= Clementine Chapel =

Chapel beneath St. Peter's Basilica, Rome

The Clementine Chapel, also known as La Clementina, is a particular Roman Catholic chapel located within the underground necropolitan grottoes of Saint Peter's Basilica in Vatican City. It is believed to mark the site when Saint Peter was crucified. It is the area where the relics of St. Peter were venerated in early medieval times, before his skull was removed to be housed at the Archbasilica of St. John Lateran.

Open today for pilgrims, the site venerates the original pavonazzo marble monument placed there by Emperor Constantine, and was used in early medieval times to house the skull of St. Peter.

==History==

Before the Clementine chapel was constructed, the skull of St. Peter was housed in its original resting place in the graffiti wall below the large tomb-like structure commissioned by emperor Constantine. The structure is visible behind the altar of the chapel.

The Clementine chapel was constructed c. 600 by the order of Pope Gregory, due to the original Constantinian monument not having a high altar; thus a new structure was constructed around the Constantinian monument. A more traditional high altar was constructed above it in order to celebrate Divine Liturgy, and the clementine chapel was constructed at the back to be used as a place for the veneration of the skull of St. Peter.

The chapel is named in honor of Pope Clement VIII as, in 1600, he commissioned Michelangelo and Giacomo Della Porta to decorate the chapel.
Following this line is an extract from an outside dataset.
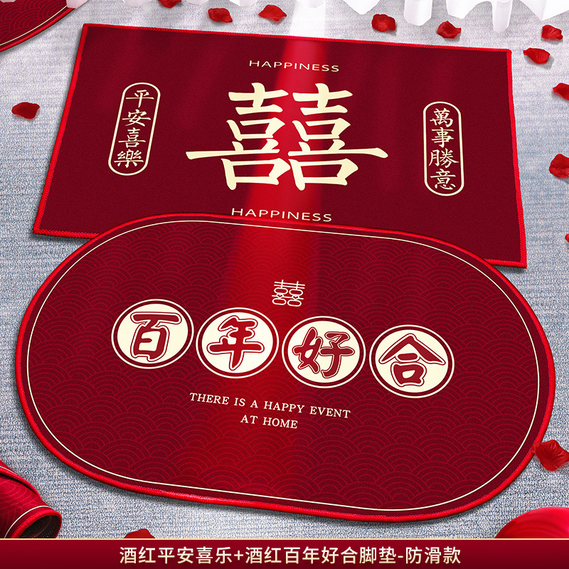 • 와인레드 평화와 기쁨 + 와인레드 백년의 조화 - 미끄럼방지 스타일 [80*50cm]

He donated funds to install various religious mosaics that have been preserved to this day. Clement VIII used the chapel as his burial place.

==Features==

It is one of the two main untouched areas of Old St. Peter's Basilica, along with the chapel of the Niche of the Pallia.

A notable feature of the chapel are the ornate bronze sculptures located in the chapel commemorating certain biblical scenes, along with its gilded cage in the central altar.

The vault was decorated by several artists including Luigi Vanvitelli, Giovanni Battista Maini, Ruggero Bescape and Alessandro de'Rossi.

According to a direct tour and interview granted to History Channel by the Archpriest of the Basilica, Cardinal Angelo Comastri, the chapel is the holiest site in the archaeological basilica.

The chapel itself is directly behind the present niche which is above the relics of St. Peter, thereby the site correlates to the present high altar of St. Peter's Basilica today.

The place where the recently discovered Bones of St. Peter are presently housed is not in the niche of the pallia, nor the clementine chapel but in their original resting place in the graffiti wall.

The skull of St. Peter which was first venerated in the clementine chapel, (after being moved there by pope Gregory during its construction), is now housed in the golden reliquary above the high altar of the Archbasilica of St. John Lateran, after being moved there in late medieval times.

Since 2021, the chapel has been used for celebrations of the Tridentine Mass, in the Vatican.